The complete package of design elements included in the Hospital 2.0 standardised design will be available by May next year, according to the Department of Health and Social Care.
Members of the Commons Public Accounts Committee raised concerns this week about the ability of the government’s new hospital programme (NHP) to meet its commitment to build 40 hew hospitals by 2030. A key part of this programme is the use of a new standardised construction process, known as Hospital 2.0.
Only two of 40 promised new hospitals have been built to date (according to government definitions) – leaving a further 38 to be built in the remaining seven years. Committee members said this seemed highly unlikely to be achievable, particularly given the standardised design that will underpin many of the new builds has not been completed yet.
Natalie Forrest, the Department's senior responsible owner of the new hospital programme, acknowledged that adopting the new approach was a challenge. ‘However, Hospital 2.0 isn’t just about the design of the hospital it is the whole end-to-end process,’ she told the committee. ‘It is the business case process, design, construction, the operating model and the maintenance, which is equally important.’

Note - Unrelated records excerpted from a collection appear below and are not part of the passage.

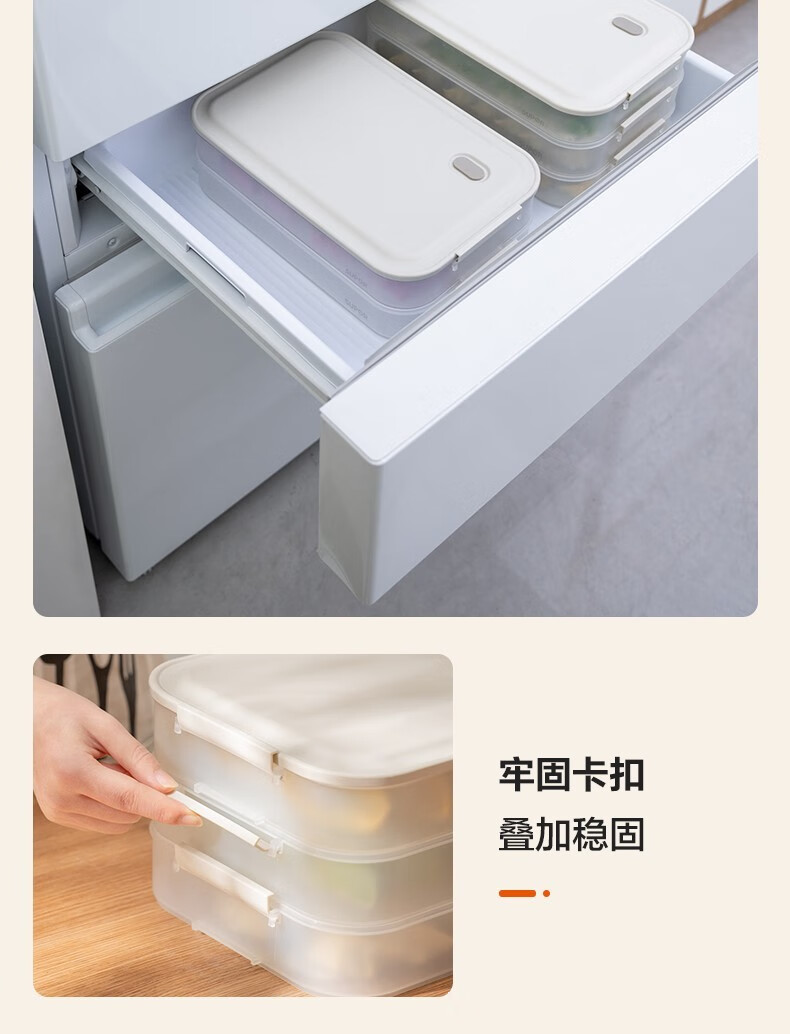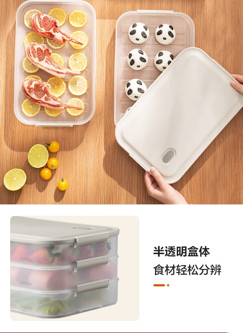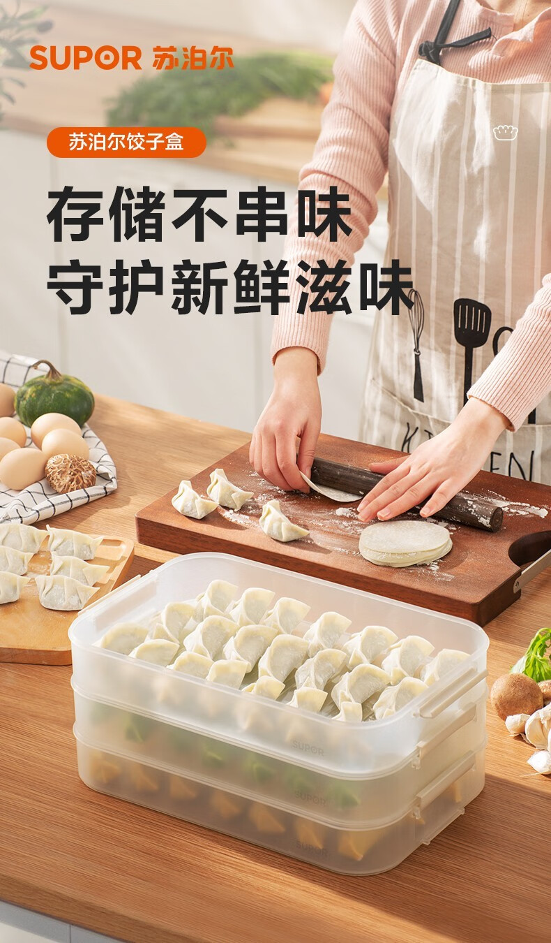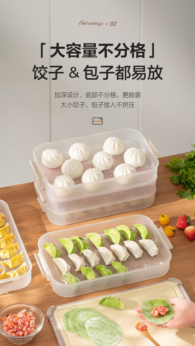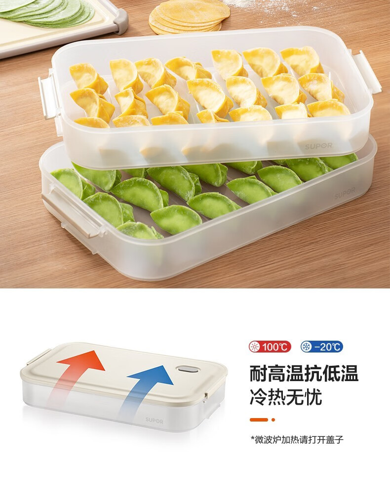 SUPOR food-grade crisper box, large-capacity refrigerator storage box, dumpling box, sealed box, quick-frozen frozen dumpling wonton box, multi-functional dumpling box, one cover, 2 layers
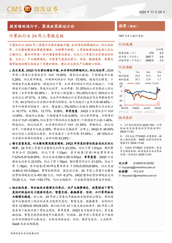 【海通证券】【20241105】计算机行业24年三季报总结:提质增效进行中,聚焦政策驱动方向-44页
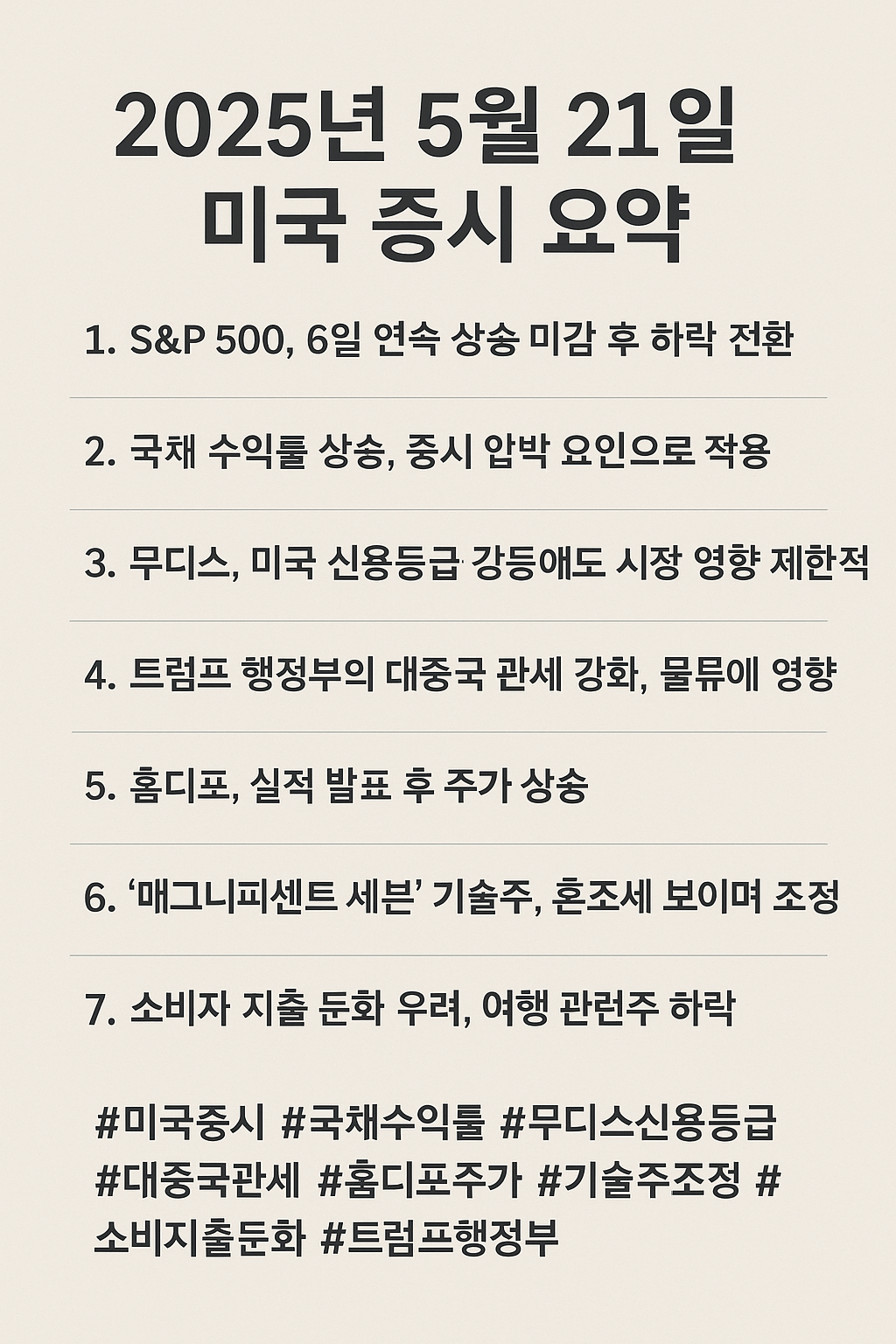 📰 1. S&P 500, 6일 연속 상승 마감 후 하락 전환

She added that consideration had been given to how time could be reduced for all of those components of the process. ‘We anticipate going from an average of around 11 years, which is what we see currently, to around six years and significantly compacting the whole business case process, which we can be doing now in parallel to working around the design of the hospital. We can also be doing the work we need to do engaging clinicians and the public and the trusts themselves in their services' requirements.’
Earlier estimates have suggested that, with the new approach, hospital construction will be 25% cheaper and 20% quicker compared with traditional approaches.
Ms Forrest said that the first set of standards for Hospital 2.0 was already available – a mix of clinical standards, ‘adjacencies’ that would be expected, and some room designs. And Department of Health and Social Care permanent secretary Shona Dunn added: ‘The final elements of it – the complete package – will be in existence by May next year.’
Giving an example of the type of efficiency that could be achieved, Ms Forrest said that the number of door types in cohort two had already been massively rationalised. This would speed up the manufacturing process and reduce costs.
The NHP has been welcomed as replacing key parts of the NHS estate, but it is by no means meeting all the NHS’s capital needs. Backlog maintenance currently stands at over £10bn. Ms Dunn said that the NHP would make an important contribution to addressing backlog maintenance, with about a third of the current maintenance backlog sitting within a NHP site.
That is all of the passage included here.